The DPLL generally samples a “reference clock” immediately before, approximately at and immediately after an anticipated transition point of a “generated clock” to determine whether the reference clock transitions early, approximately on time (i.e. within an acceptable tolerance or range) or late relative to the transition point of the generated clock. In response to the sampling, the DPLL generally generates an “early” signal or a “late” signal or neither signal. The early and late signals indicate whether the period of the generated clock needs to be shortened or lengthened, respectively, generally by the amount of one period of an “input clock,” from which the generated clock is generally generated. When the DPLL generates neither the early nor late signal, then the reference clock evidently transitioned within the acceptable tolerance of the transition point of the generated clock, so no adjustment needs to be made to the generated clock.
The reference clock is generally sampled during each period of the generated clock, which is generally almost the same as the period of the reference clock. In this manner, generally in every period of the reference clock, the DPLL determines whether to lengthen or shorten one period of the generated clock by one period of the input clock, or leave the generated clock unchanged. The generated clock may be generated from an intermediate “output” clock, which is generated from the input clock, so the one period of the generated clock may be adjusted (lengthened or shortened) by actually making the adjustment to the output clock.
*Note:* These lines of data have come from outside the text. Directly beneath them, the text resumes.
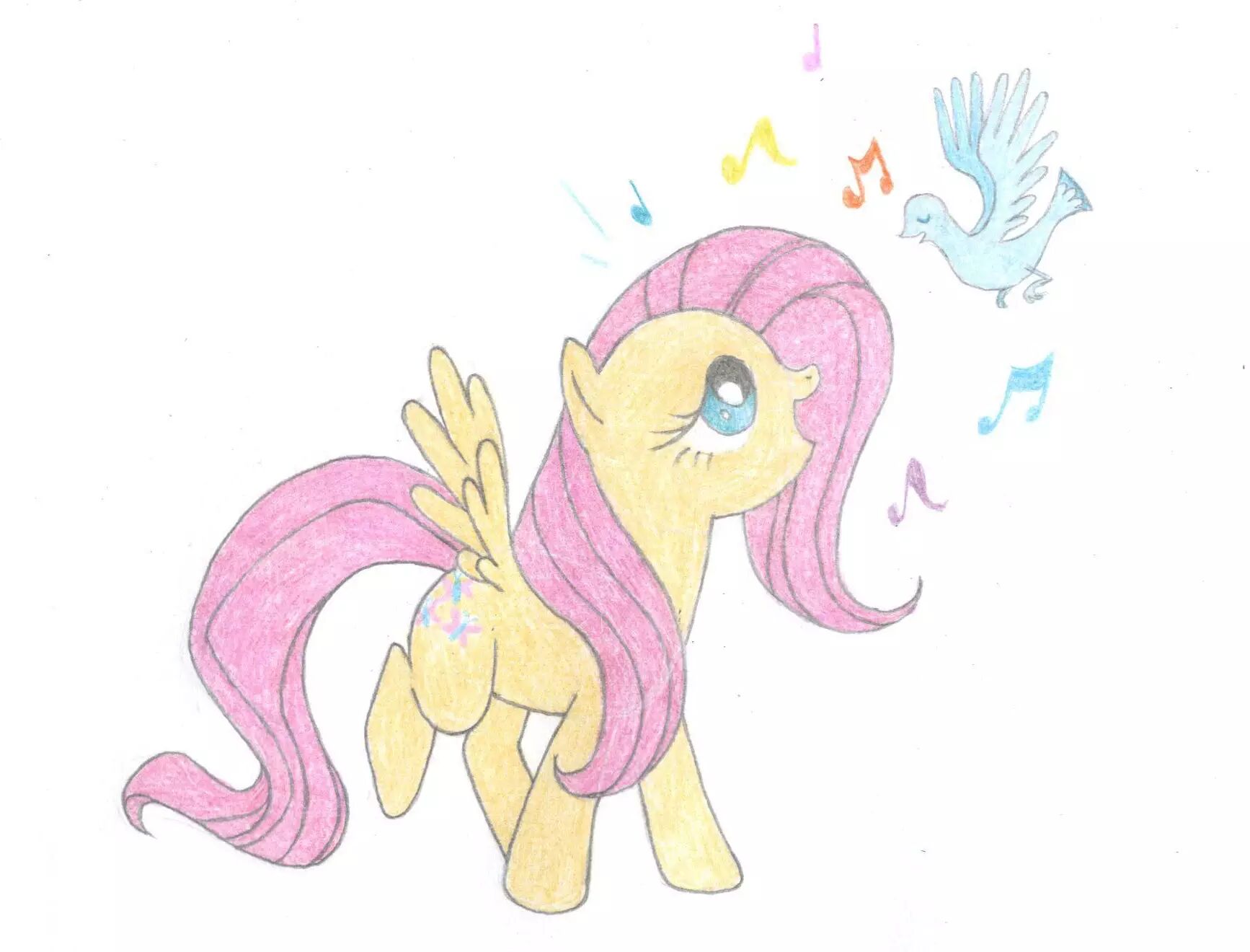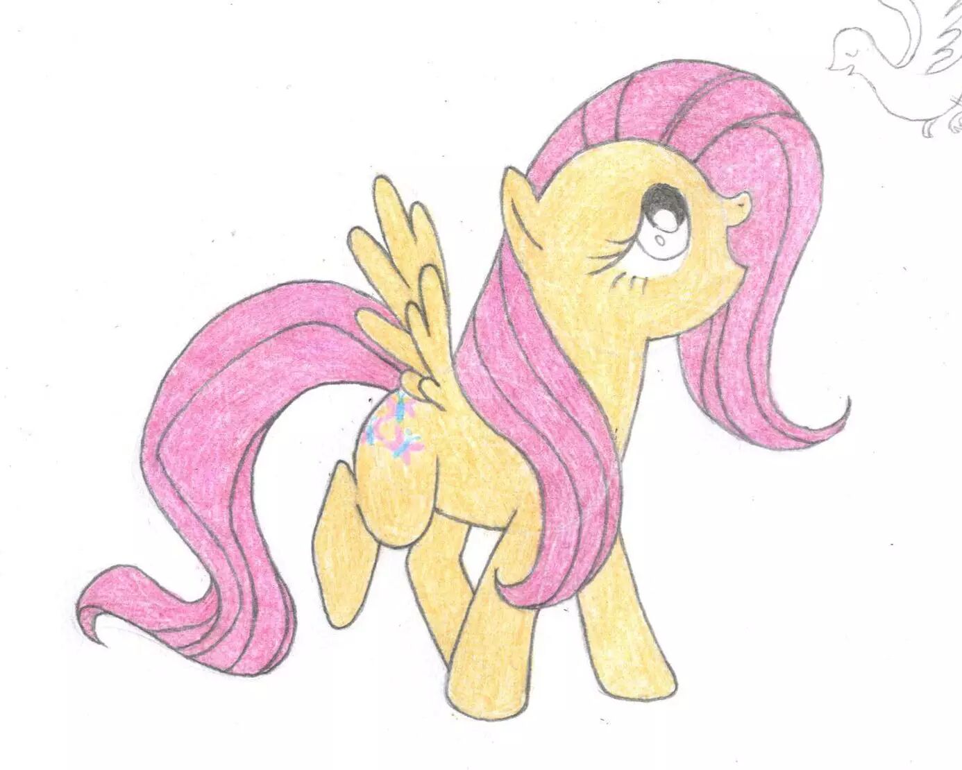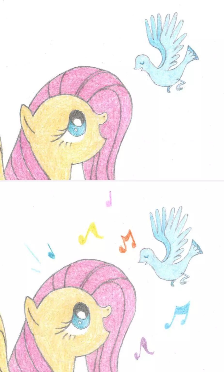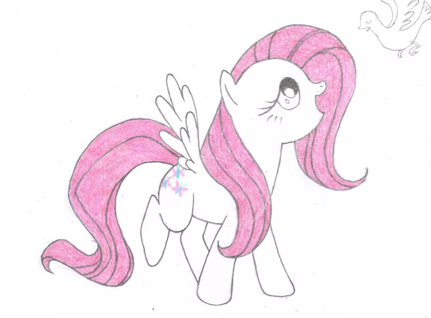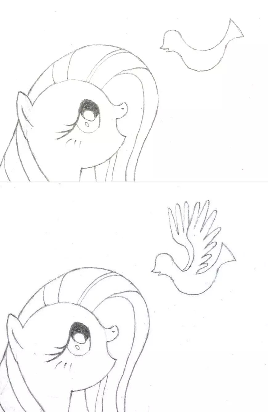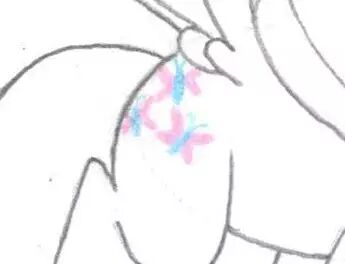14,下面我们可以拿出彩铅,给柔柔和小鸟上颜色咯~我们跟往常一样,先把小马的可爱标志画出来,柔柔的可爱标志是三只蝴蝶。
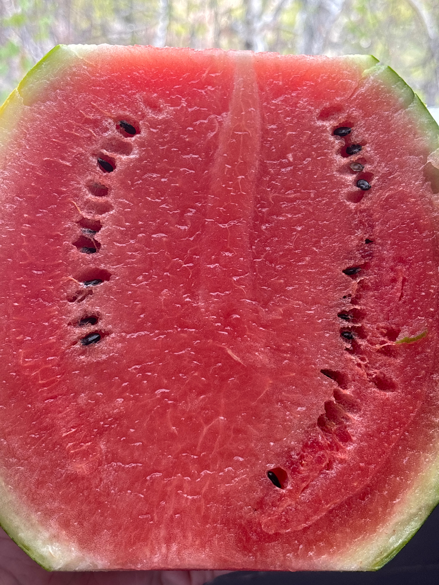 A close-up image shows a cut watermelon. The watermelon flesh is a vibrant red color with scattered black seeds. The rind is visible along the top edge, showing a light green fading into a darker greeβ¦read more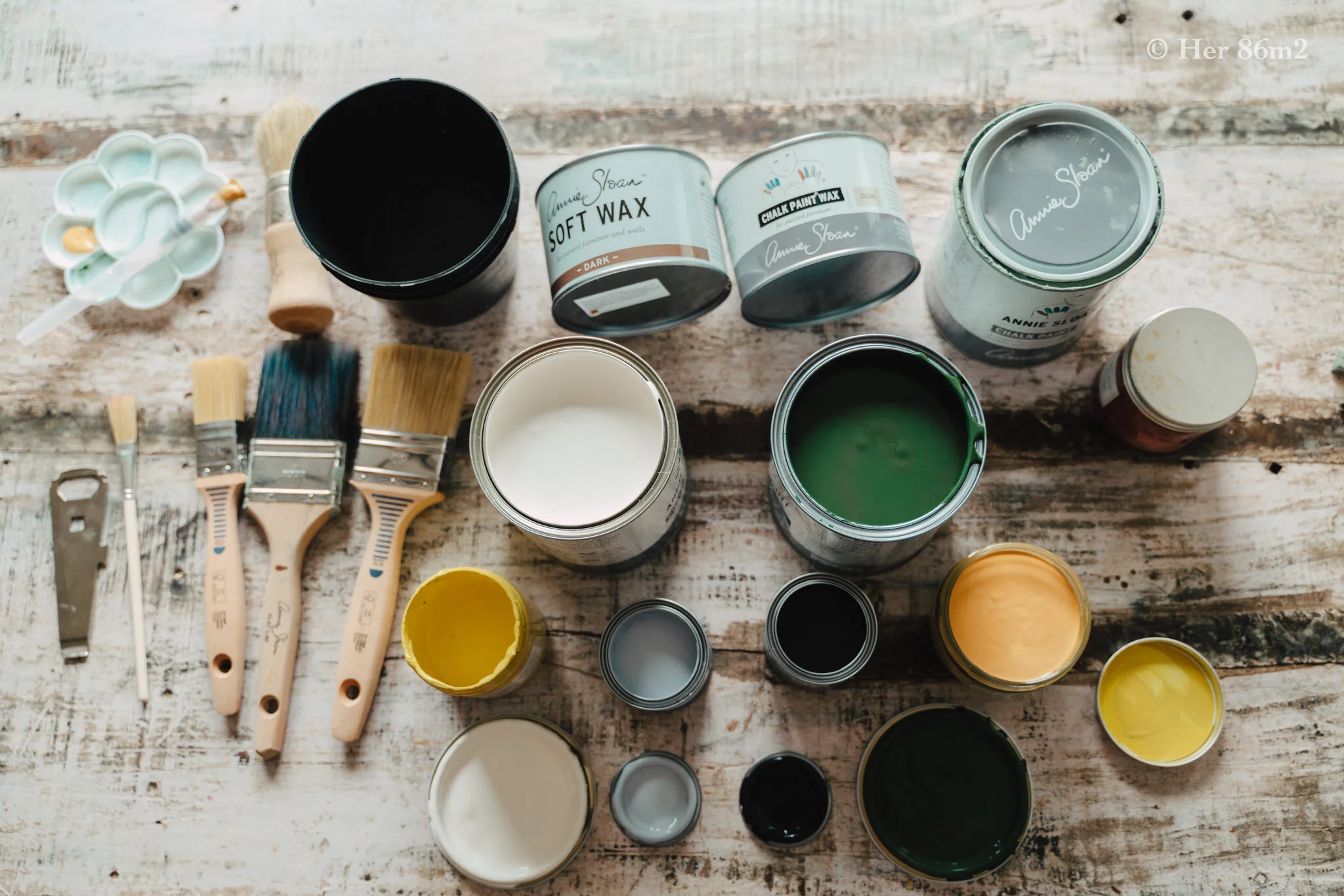Đồ của Ikea hầu hết là gỗ ép, để đỡ mất công mài và sơn lớp lót thì mình dùng Chalk Paint để sơn thẳng trực tiếp lên. Chalk paint cũng là loại sơn mình dùng để sơn tủ bếp. Hãng mình sử dụng vẫn là Annie Sloan.

The DPLL generally uses phase detector circuitry with a plurality of “registers” to effectively “register,” or “latch,” the reference clock immediately before, approximately at and immediately after the approximate point at which a transition edge occurs in the generated signal. The point at which the edge occurs in the generated signal is the point at which an edge “should” occur in the reference signal, when already synchronized. For example, one of the registers generally registers the state of the reference clock at a point shortly before the point at which the reference clock would transition if already synchronized. Another register generally registers the state of the reference clock at a point almost at the anticipated transition point. A third register generally registers the state of the reference clock at a point shortly after the transition point. If the transition point is at a positive edge (a low-to-high transition) of the reference clock, and all the registered states are “low,” then it is evident that the low-to-high transition of the reference signal occurred late with respect to the transition of the generated clock, so the “late” signal is asserted. On the other hand, if all the registered states are “high,” then it is evident that the low-to-high transition of the reference clock occurred early, so the “early” signal is asserted. If, however, one or two of the registered states are low and the rest high, then the transition occurred within the acceptable tolerance, so neither the early nor the late signal is asserted.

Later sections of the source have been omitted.